Biz ülküsü, öz kültürü ve töresi olanlarız. Bizim töremiz istişare et der. Türk toylarını bilirsiniz. Bu toylar meselelerin konuşulduğu ve ortak bir kararın alındığı meclislerdir. Büyük birlik Toylarımız olacak, kararlarımızı aile ile alacağız. Kimsenin, dünya hesabı yapmasına izin verilmeyecek. Allah için bir yola çıkıldığı, unutanlara hatırlatılacak. Derdimiz insanlıktır. Ahlak ve maneviyatı özümüzle hem hal eden atalarımız gibi, ilk önce yaşayacak, sonra yaşatacağız.

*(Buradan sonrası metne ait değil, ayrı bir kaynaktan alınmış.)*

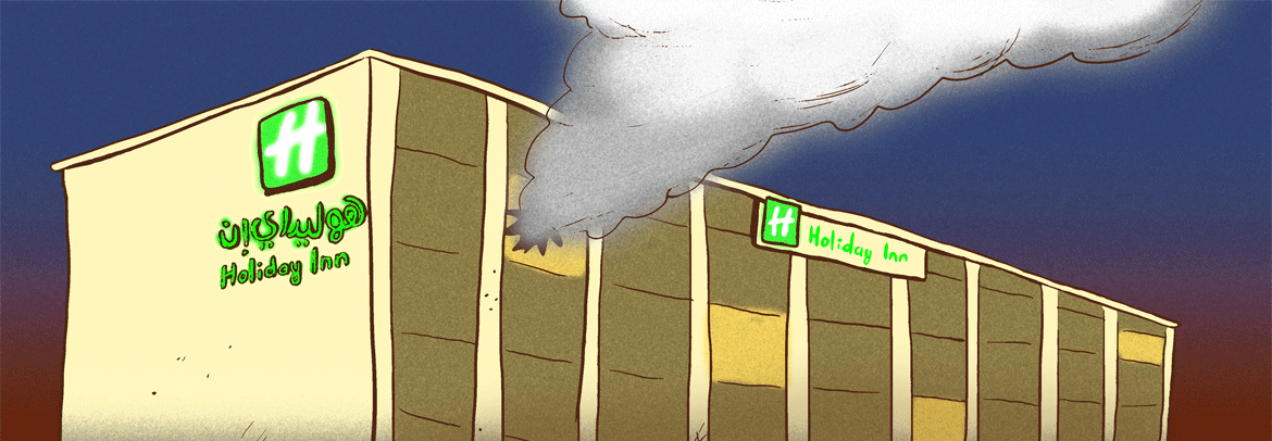 I went to this same Holiday Inn later on, and I’m sorry to say that they’ve fixed all the bullet holes. It’s as boring as any other Holiday Inn—you can see it for yourself, right past the fake waterfall pouring out of the fake boulder, kittycorner to the HyperPanda supermarket. Got that green logo and everything. You’d think they’d make some commercial hay from their illustrious background, like “NOW, 20% more bulletproof!” or “Now YOU can rent the suite where a Saudi prince crapped his robe in terror!” but nope, no plaques, no bulletholes, just a pool with one of those disgusting nargilah gazebos.

Artık geçmişte yapılan hataların tekrar edilmesini önleyecek bir sistem ve yapı kurulması zamanıdır. Bu sistem kurulacak.
Türkiye'ye vaadiniz nedir?
Türkiye'nin ilke ve şahsiyetli duruşa ihtiyacı var siyasette. Bunu biz başaracağız. En hassas noktamız terördür, terör ile irtibatı olmayan her siyasi parti bizim siyasette muhatabımızdır. Kimse bizim için öteki değildir. Politika gereği diye ajandamızda bir başlık olmayacak. Doğru bildiğimizi her platformda haykıracağız. Kimin doğrusu ile çakışırsa çakışsın. Yanlış bildiğimizi haykıracağız, kimin yanlışı ile çakışırsa çakışsın. Adalet ve Ahlak bizim iki olmazsa olmazımızdır.
Dünya çok ciddi bir değişim içerisinde iken, değeri 3 kuruş etmez konularla vakit geçiriliyor. Bu değişimleri çok yakından takip ediyoruz. Gelecek teknolojinin hayata tam entegrasyonunun gerçekleşeceği bir çağdır. İlkelerimizden ve şahsiyetimizden taviz vermeden, bu teknolojilerin kullanımının sağlanacağı projelerimiz hazır.
Teknolojinin, yapay zeka ile geliştirilip, üretim ve eğitimle buluşturulduğu, sürdürülebilir verimin üst seviyelere çıkarıldığı projelerimizle tanışacak Türkiyem.